WHAT NEEDS TO BE DONE — Exact transcription, pictures omitted: begin at the top line of the records below and end with the line bearing "Комплект женский-двойка,из костюмной".

(Extracted records)
▽
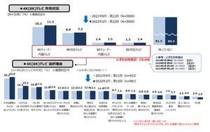 4K/8Kテレビの所有状況については、所有率は19.6%と引き続き徐々に増加。テレビの選択理由としては、「大きな画面のテレビがほしかったから」が32%と突出しており、次いで「これからは4K/8K の時代だと思ったから」が19.2%、「価格が安かったから」が17.6%と続いた。これら選択理由の上位3つは、前回とほぼ同じ傾向となった。
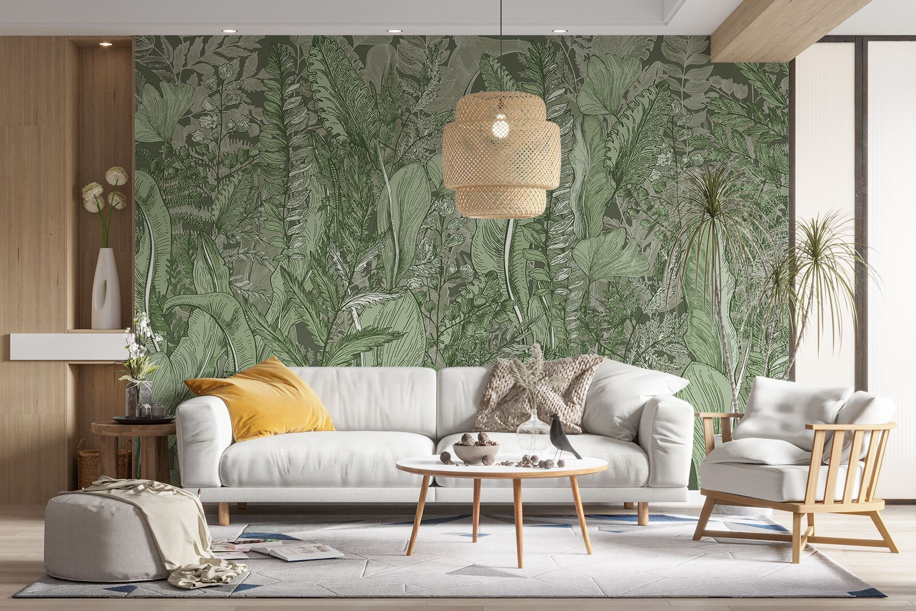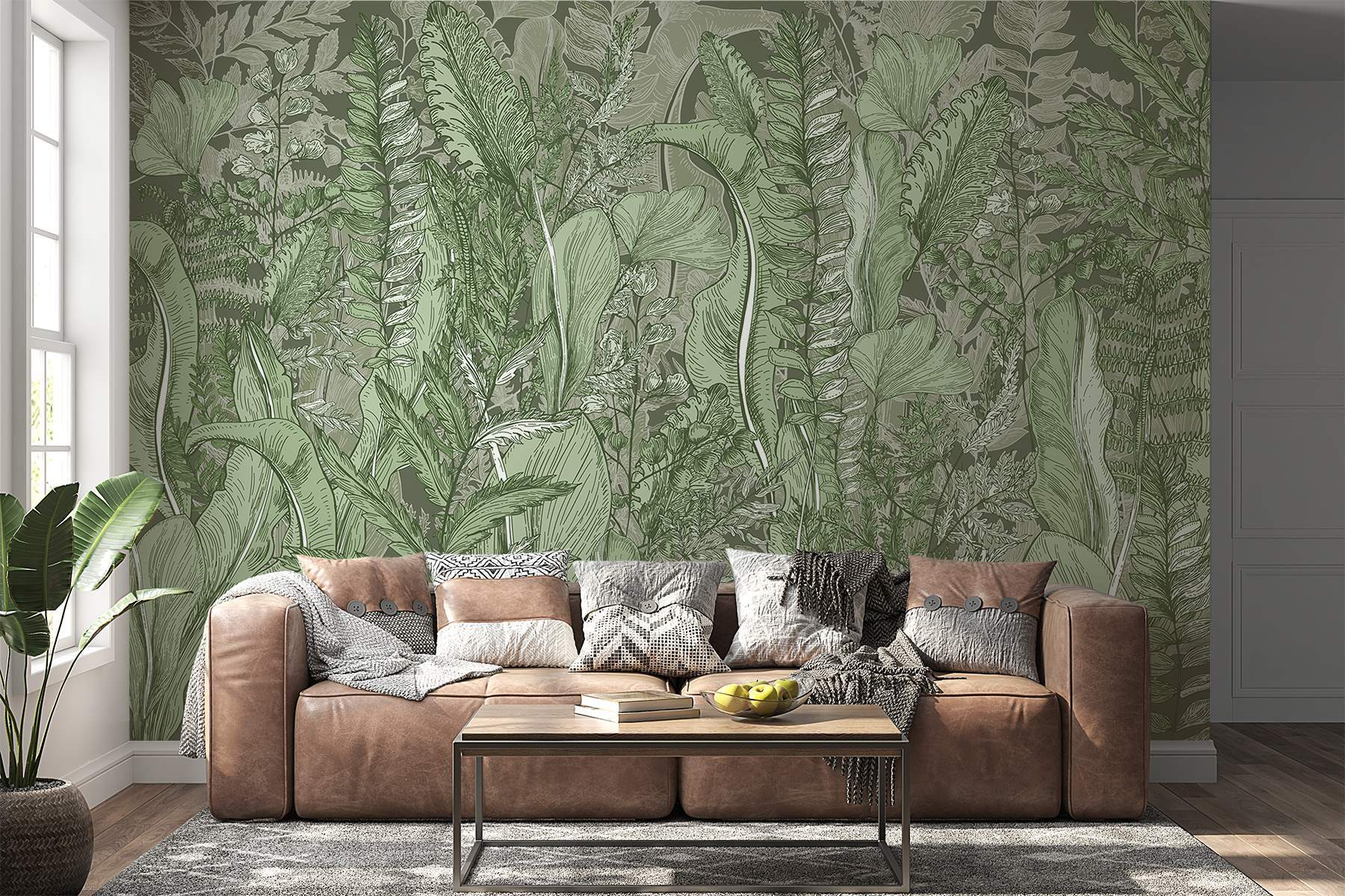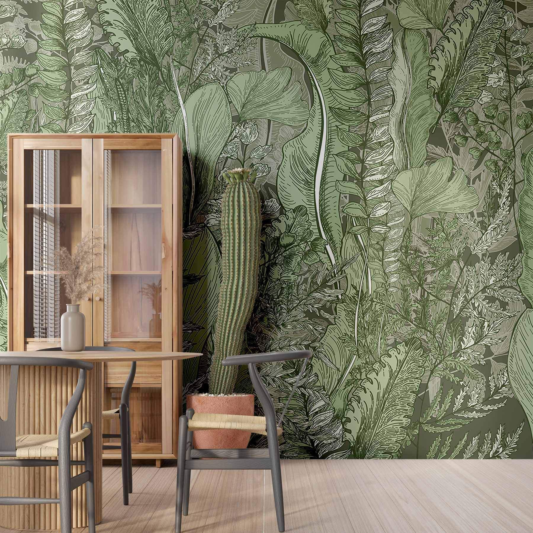 Tover elke ruimte om in een serene oase met de muurschildering “Lush Greenery”. Het is alsof je een wandeling maakt door een levendig bos zonder je kamer te verlaten! Vol met ingewikkelde bladeren en delicate varens, nodigt dit kunstwerk een vleugje natuur uit binnenshuis. Stel je voor dat je lekker gaat zitten met een goed boek, omringd door dit rustgevende groen – perfect om te dagdromen of tot rust te komen na een lange dag. Bovendien is het een chique oplossing voor diegenen die moeite hebben met het in leven houden van kamerplanten (geen oordeel!). Laat de rustgevende tinten je muren leven inblazen en verhoog je decor moeiteloos.
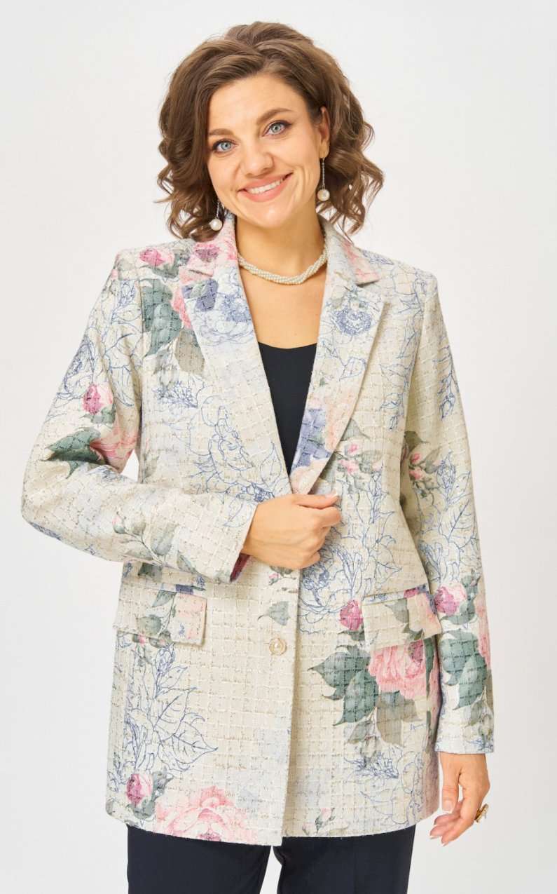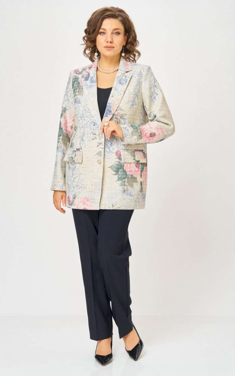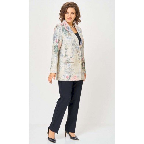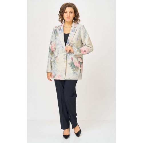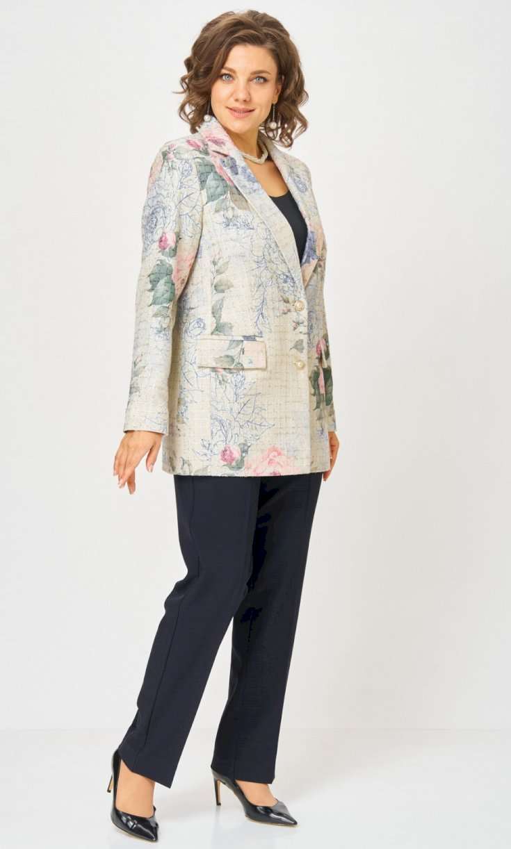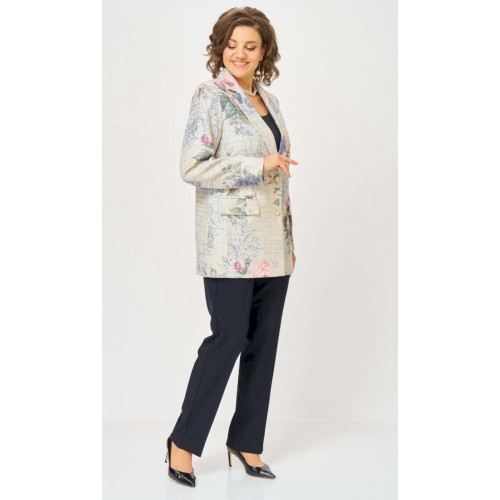 Комплект женский-двойка,из костюмной ткани, жакет удлиненный, свободного силуэта с центральной бортовой застежкой на пуговицы до линии перегиба лацкана. По переду имеется отрезной бочок и вертикальные вытачки. С прорезными карманами с клапаном и двумя обтачками. Спинка цельная. Воротник пиджачного типа. Рукав двухшовный, втачной. Жакет на подкладке. Длина рукава 63 см, длина по спинке 75 см. Брюки прямые, классические, из текстильной ткани, с заутюженными стрелками, по переду обработаны карманы с отрезным бочком, застежка на тесьму-молнию и 1 пуговицу. На задних половинках обработаны вытачки и имитация карманов с листочкой, пояс в брюках притачной. Длина брюк от талии по боковому шву 103 см.
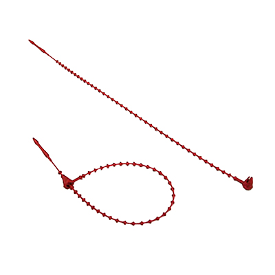 An inexpensive alternative to standard nylon ties. Head can be locked between beads to allow different lengths. Self-locking, tamper-evident tie must be cut to remove. Additional dimensions: thickness - .070".
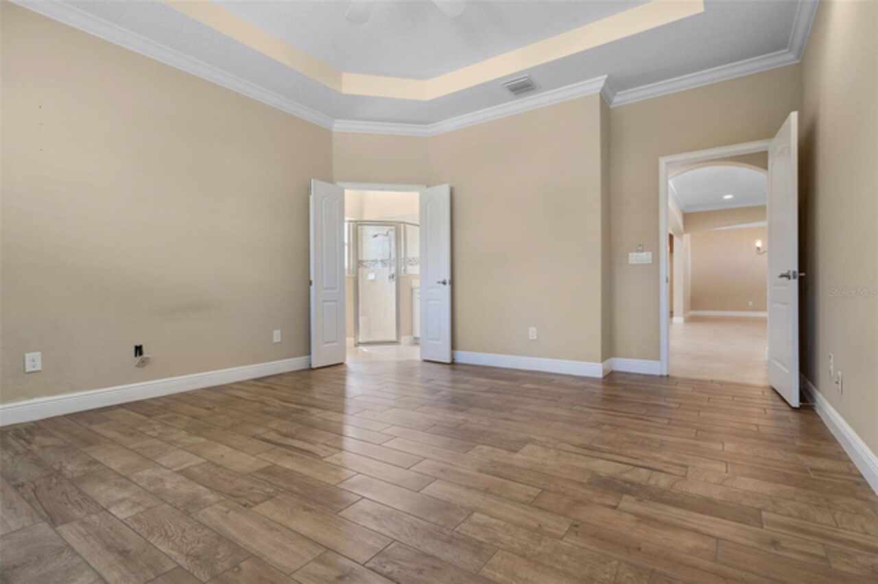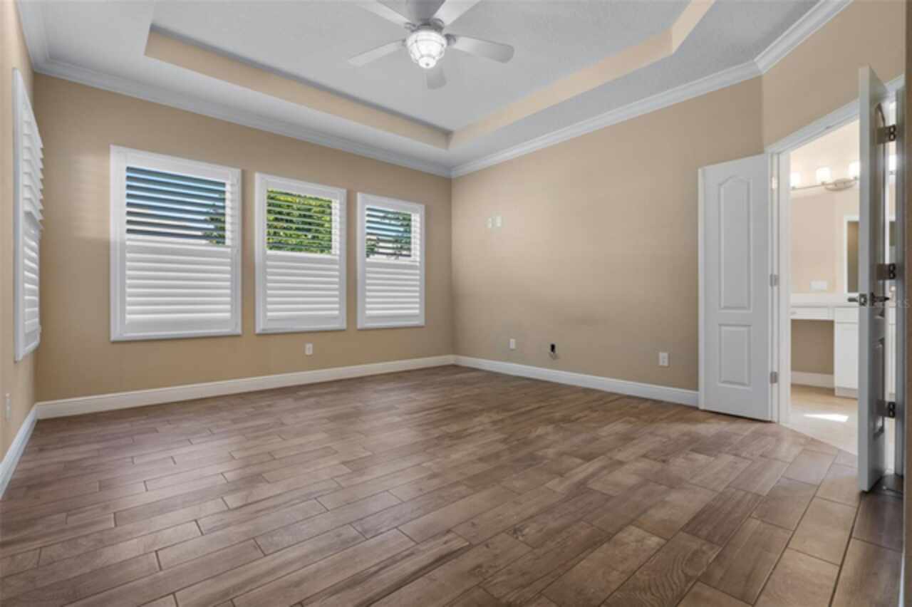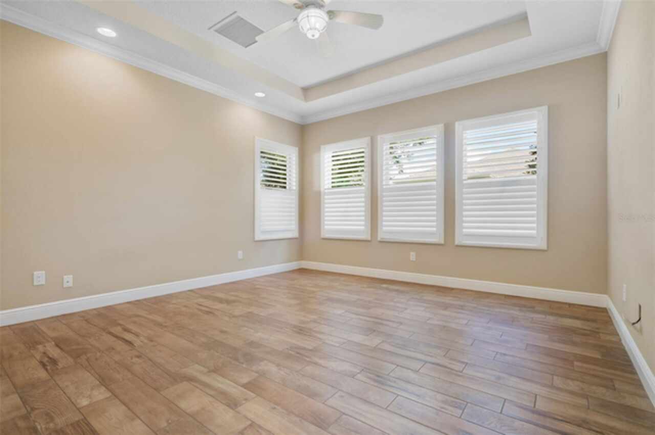 One or more photo(s) has been virtually staged. Welcome to exceptional resort-style living in the highly desirable gated 55+ community of Esplanade at Highland Ranch, built by Taylor Morrison. This beautifully maintained one-story Bergamo planwith a charming "C" elevation offers 2 bedrooms and 2 bathroom, blending comfort, functionality, and style in a thoughtfully designed layout.As you step inside, you're welcomed by a foyer, formal dining area with tray ceiling, spacious living room, and an open concept , kitchen with a large island, all enhanced by 20-inch diagonal-set tile flooring** and elegant crown molding. The main living areas seamlessly flow to an extended screened lanai, accessible through stacking sliders in the living room and a French door near the primary suite. The lanai features a connected gas line installed under brick pavers . The kitchen is a highlight, featuring 42-inch white solid wood cabinetry, quartz countertops, a tile backsplash, walk-in pantry, two pendant lights over the island, and stainless steel appliances, including a gas stove. The primary suite includes a tray ceiling, large walk-in shower, double vanities, and a walk-in closet with built-in shelving that remains with the home .Both bedrooms offer privacy in a split-bedroom layout and are finished with plank-style porcelain tile flooring. A utility room sits just off the hallway, conveniently located near the two-car garage, which includes an access door, an insulated garage door, a keyless entry pad, and a myQ smart garage opener.Additional features include plantation shutters in the foyer, bedrooms, and dining area, cordless cellular window treatments in the kitchen and living room, ceiling fans, and a screened lanai perfect for enjoying the Florida lifestyle. This home is ideally located just a short walk to the clubhouse and community mailboxes. The HOA fees cover full lawn care, fertilization, and irrigation, along with access to the community's incredible resort-style amenities. These include a clubhouse with a full-time Lifestyle Director, a lagoon-style pool, lap pool, resistance pool, and spa, an outdoor kitchen with barbecue area and fire pit, an event and fitness lawn, and a variety of sports courts, including tennis, pickleball, and bocce. There's also a bark park, fitness center, movement studio, game room, great room, a catering kitchen with coffee bar, and an expansive covered lanai for social gatherings.The community is ideally located near a new Publix, the Florida Turnpike, shopping centers, South Lake Hospital , the library, restaurants, and more. Plus, you'll love being close to Downtown Clermont, known for its scenic hills, chain of lakes, and local events like First Friday Food Trucks and the Sunday Farmers' Market. Home is located 30 miles west of Orlando , 45 minutes to Disney, Sea World or Universal Studios . Home is also minutes away from the Advent Hospital and Crooked Can Brewery that is set to open at the end of year. FLOOR PLAN, SURVEY, FEATURE SHEET, HOA DOCUMENTS, ARE AVAILABLE.
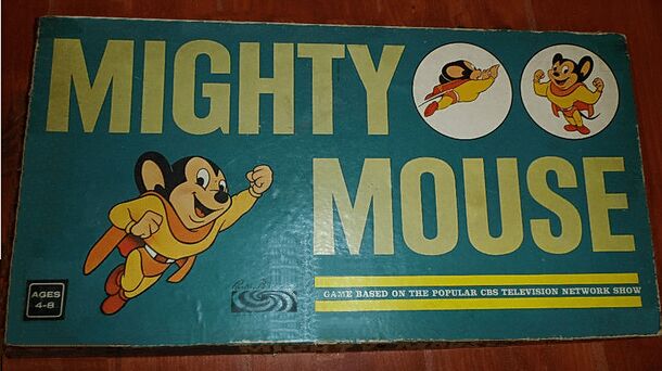 This is a simple track game based on the Mighty Mouse comics. On your turn you roll the die and advance the number of spaces indicated. If your roll would land you on an opponent's pawn, you move backwards instead. If you land on a hazard space, you are stuck, and must spend your next turn(s) moving the Mighty Mouse piece to your space. When Mighty Mouse...
△
EXERCISE SOLUTION —
 4K/8Kテレビの所有状況については、所有率は19.6%と引き続き徐々に増加。テレビの選択理由としては、「大きな画面のテレビがほしかったから」が32%と突出しており、次いで「これからは4K/8K の時代だと思ったから」が19.2%、「価格が安かったから」が17.6%と続いた。これら選択理由の上位3つは、前回とほぼ同じ傾向となった。
 Tover elke ruimte om in een serene oase met de muurschildering “Lush Greenery”. Het is alsof je een wandeling maakt door een levendig bos zonder je kamer te verlaten! Vol met ingewikkelde bladeren en delicate varens, nodigt dit kunstwerk een vleugje natuur uit binnenshuis. Stel je voor dat je lekker gaat zitten met een goed boek, omringd door dit rustgevende groen – perfect om te dagdromen of tot rust te komen na een lange dag. Bovendien is het een chique oplossing voor diegenen die moeite hebben met het in leven houden van kamerplanten (geen oordeel!). Laat de rustgevende tinten je muren leven inblazen en verhoog je decor moeiteloos.
 Комплект женский-двойка,из костюмной ткани, жакет удлиненный, свободного силуэта с центральной бортовой застежкой на пуговицы до линии перегиба лацкана. По переду имеется отрезной бочок и вертикальные вытачки. С прорезными карманами с клапаном и двумя обтачками. Спинка цельная. Воротник пиджачного типа. Рукав двухшовный, втачной. Жакет на подкладке. Длина рукава 63 см, длина по спинке 75 см. Брюки прямые, классические, из текстильной ткани, с заутюженными стрелками, по переду обработаны карманы с отрезным бочком, застежка на тесьму-молнию и 1 пуговицу. На задних половинках обработаны вытачки и имитация карманов с листочкой, пояс в брюках притачной. Длина брюк от талии по боковому шву 103 см.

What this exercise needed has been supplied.